TASK DIRECTIONS »
If a picture appears in the records, skip it; copy everything else exactly.

SUPPLIED RECORDS »

········

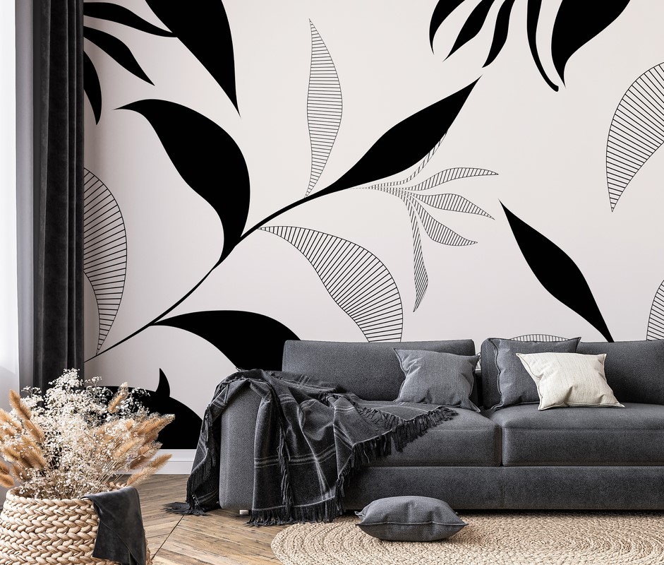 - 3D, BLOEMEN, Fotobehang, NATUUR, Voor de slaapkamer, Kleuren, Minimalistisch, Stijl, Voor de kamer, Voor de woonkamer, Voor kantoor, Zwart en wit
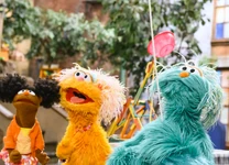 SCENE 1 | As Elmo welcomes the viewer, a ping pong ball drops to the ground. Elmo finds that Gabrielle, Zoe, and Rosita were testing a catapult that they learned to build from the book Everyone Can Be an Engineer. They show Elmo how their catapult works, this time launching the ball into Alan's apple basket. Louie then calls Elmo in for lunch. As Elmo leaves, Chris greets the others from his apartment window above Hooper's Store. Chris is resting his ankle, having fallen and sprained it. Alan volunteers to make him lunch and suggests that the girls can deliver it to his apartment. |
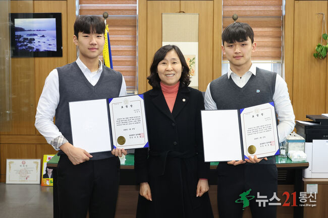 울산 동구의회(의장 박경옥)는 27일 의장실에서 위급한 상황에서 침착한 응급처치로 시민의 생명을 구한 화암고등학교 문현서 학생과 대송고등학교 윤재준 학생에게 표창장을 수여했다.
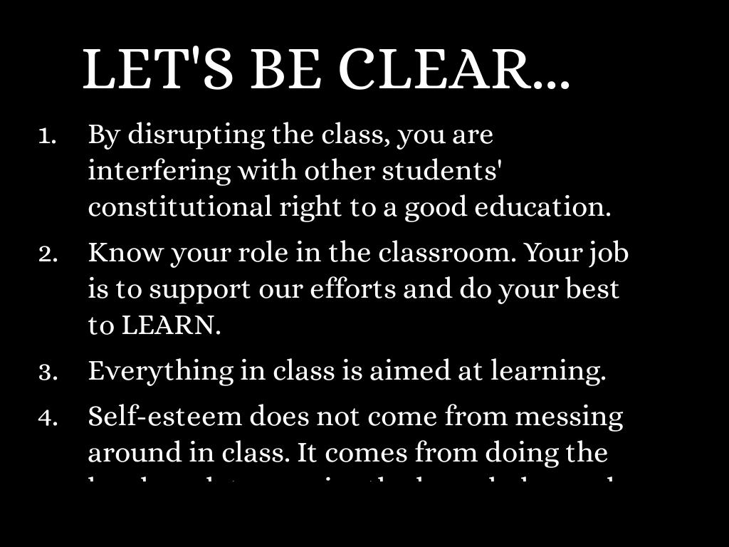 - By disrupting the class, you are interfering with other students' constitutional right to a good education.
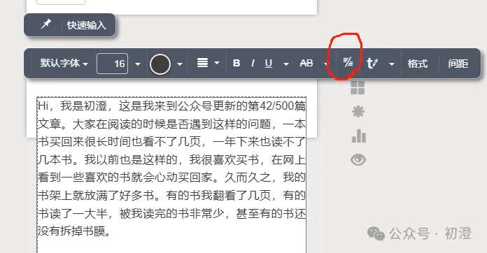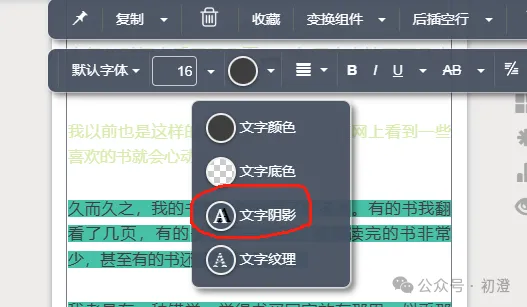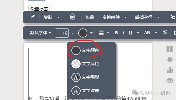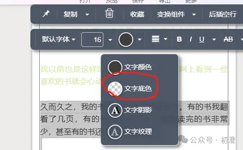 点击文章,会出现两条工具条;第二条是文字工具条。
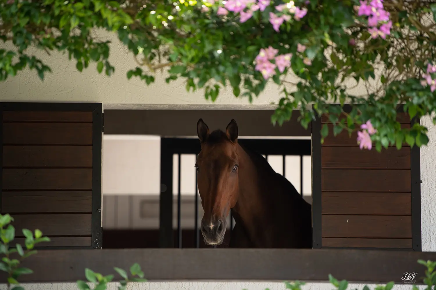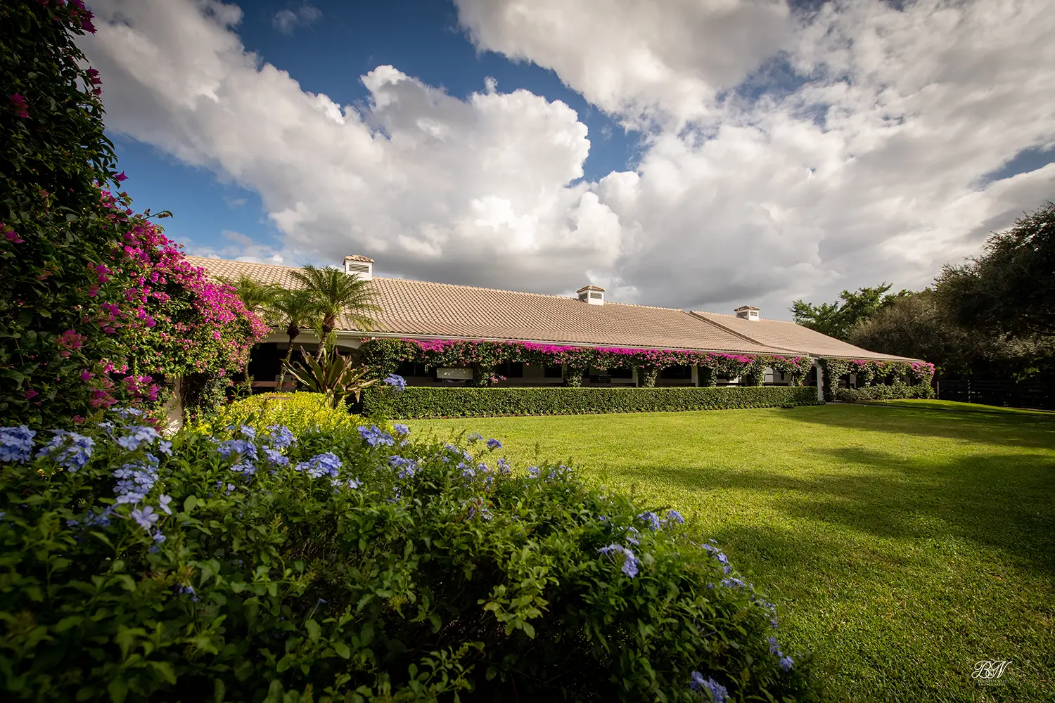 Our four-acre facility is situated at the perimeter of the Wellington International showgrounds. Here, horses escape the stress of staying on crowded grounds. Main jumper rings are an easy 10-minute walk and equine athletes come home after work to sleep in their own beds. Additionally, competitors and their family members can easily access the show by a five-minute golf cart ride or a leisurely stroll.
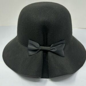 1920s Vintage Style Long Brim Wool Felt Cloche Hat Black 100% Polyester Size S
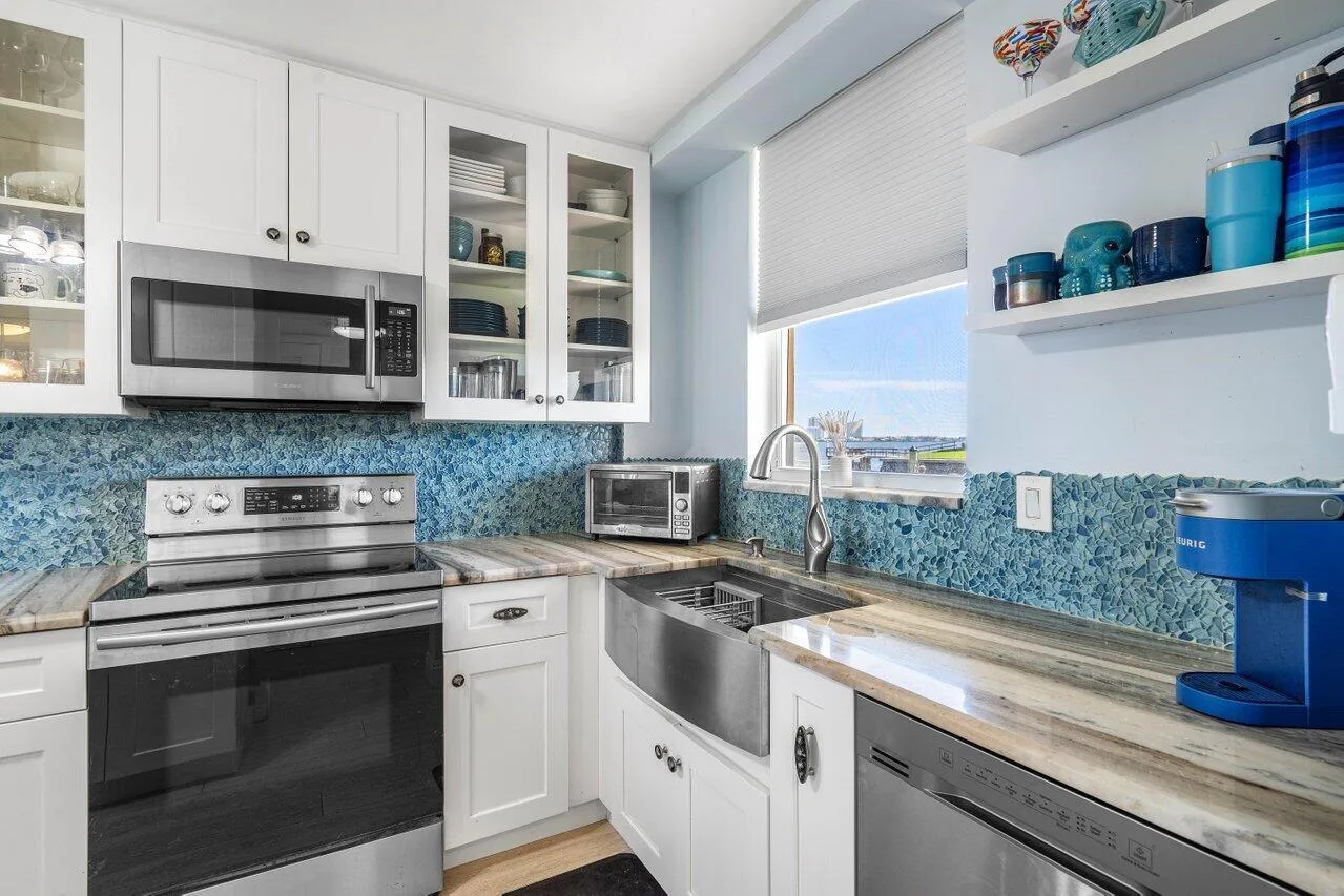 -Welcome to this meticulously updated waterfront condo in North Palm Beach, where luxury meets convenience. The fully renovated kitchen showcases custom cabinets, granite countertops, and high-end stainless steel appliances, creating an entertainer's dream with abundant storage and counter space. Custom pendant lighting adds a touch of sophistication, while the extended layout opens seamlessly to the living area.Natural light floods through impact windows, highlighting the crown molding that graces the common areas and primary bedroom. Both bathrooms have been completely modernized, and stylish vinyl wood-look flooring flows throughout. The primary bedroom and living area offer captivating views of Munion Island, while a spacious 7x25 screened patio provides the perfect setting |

········

SOLUTION »
 - 3D, BLOEMEN, Fotobehang, NATUUR, Voor de slaapkamer, Kleuren, Minimalistisch, Stijl, Voor de kamer, Voor de woonkamer, Voor kantoor, Zwart en wit
 SCENE 1 | As Elmo welcomes the viewer, a ping pong ball drops to the ground. Elmo finds that Gabrielle, Zoe, and Rosita were testing a catapult that they learned to build from the book Everyone Can Be an Engineer. They show Elmo how their catapult works, this time launching the ball into Alan's apple basket. Louie then calls Elmo in for lunch. As Elmo leaves, Chris greets the others from his apartment window above Hooper's Store. Chris is resting his ankle, having fallen and sprained it. Alan volunteers to make him lunch and suggests that the girls can deliver it to his apartment. |
 울산 동구의회(의장 박경옥)는 27일 의장실에서 위급한 상황에서 침착한 응급처치로 시민의 생명을 구한 화암고등학교 문현서 학생과 대송고등학교 윤재준 학생에게 표창장을 수여했다.
 - By disrupting the class, you are interfering with other students' constitutional right to a good education.
 点击文章,会出现两条工具条;第二条是文字工具条。
 Our four-acre facility is situated at the perimeter of the Wellington International showgrounds. Here, horses escape the stress of staying on crowded grounds. Main jumper rings are an easy 10-minute walk and equine athletes come home after work to sleep in their own beds. Additionally, competitors and their family members can easily access the show by a five-minute golf cart ride or a leisurely stroll.
 1920s Vintage Style Long Brim Wool Felt Cloche Hat Black 100% Polyester Size S
 -Welcome to this meticulously updated waterfront condo in North Palm Beach, where luxury meets convenience. The fully renovated kitchen showcases custom cabinets, granite countertops, and high-end stainless steel appliances, creating an entertainer's dream with abundant storage and counter space. Custom pendant lighting adds a touch of sophistication, while the extended layout opens seamlessly to the living area.Natural light floods through impact windows, highlighting the crown molding that graces the common areas and primary bedroom. Both bathrooms have been completely modernized, and stylish vinyl wood-look flooring flows throughout. The primary bedroom and living area offer captivating views of Munion Island, while a spacious 7x25 screened patio provides the perfect setting |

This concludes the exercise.